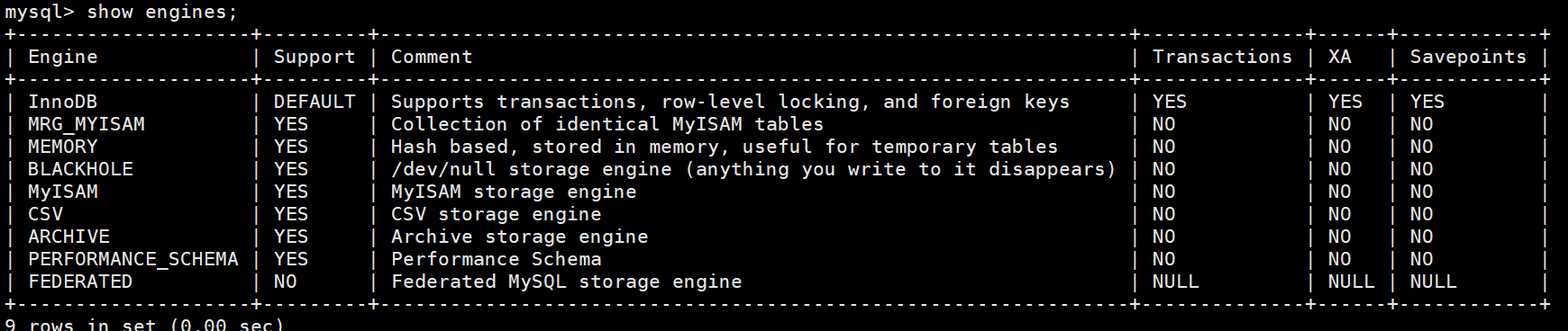 show engines;
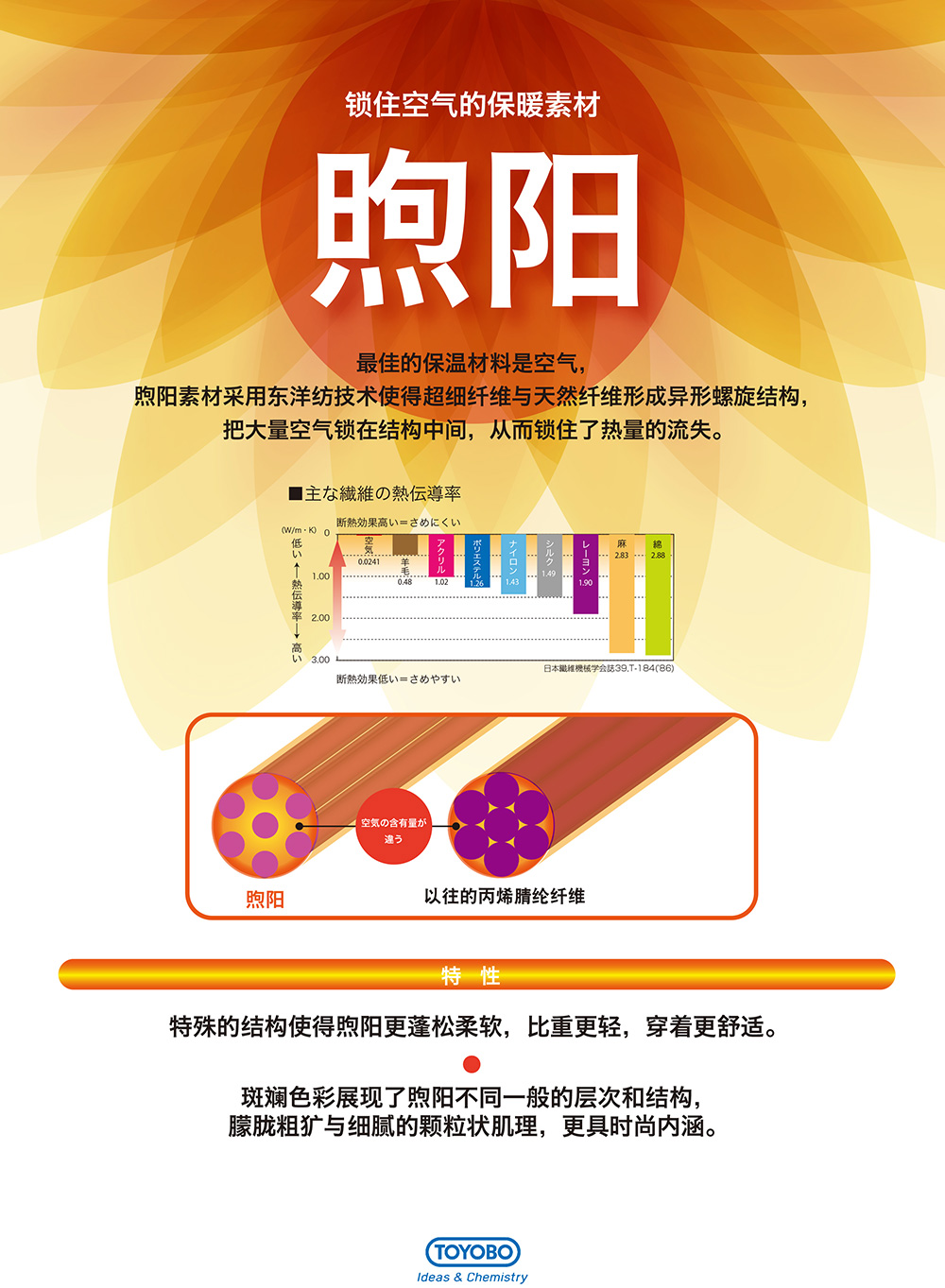 最佳的保溫材料是空氣,煦陽素材采用東洋紡技術(shù)使得超細纖維與天然纖維形成異形螺旋結(jié)構(gòu),把大量空氣鎖在結(jié)構(gòu)中間,從而鎖住了熱量的流失。
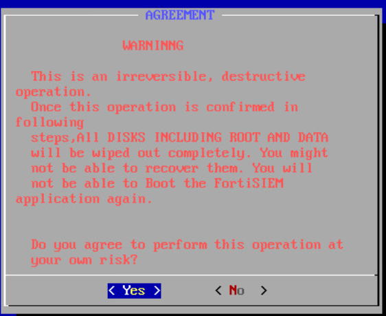 The shell scripts prepare_boot_loader.sh and boot_loader_operations.sh erase all of the data from all of the disks in the FortiSIEM system. The prepare_boot_loader.sh script loads the FortiSIEM boot loader. The boot_loader_operations.sh script automatically reads all the disks, including OS disk, and iteratively fills them with zeros twice to ensure that no data remains on the disk.

• _TASK REQUIREMENTS_
Restate the listing word for word. Pictures do not belong in the copy.

• _REPLY TO THE TASK_
 show engines;
 最佳的保溫材料是空氣,煦陽素材采用東洋紡技術(shù)使得超細纖維與天然纖維形成異形螺旋結(jié)構(gòu),把大量空氣鎖在結(jié)構(gòu)中間,從而鎖住了熱量的流失。
 The shell scripts prepare_boot_loader.sh and boot_loader_operations.sh erase all of the data from all of the disks in the FortiSIEM system. The prepare_boot_loader.sh script loads the FortiSIEM boot loader. The boot_loader_operations.sh script automatically reads all the disks, including OS disk, and iteratively fills them with zeros twice to ensure that no data remains on the disk.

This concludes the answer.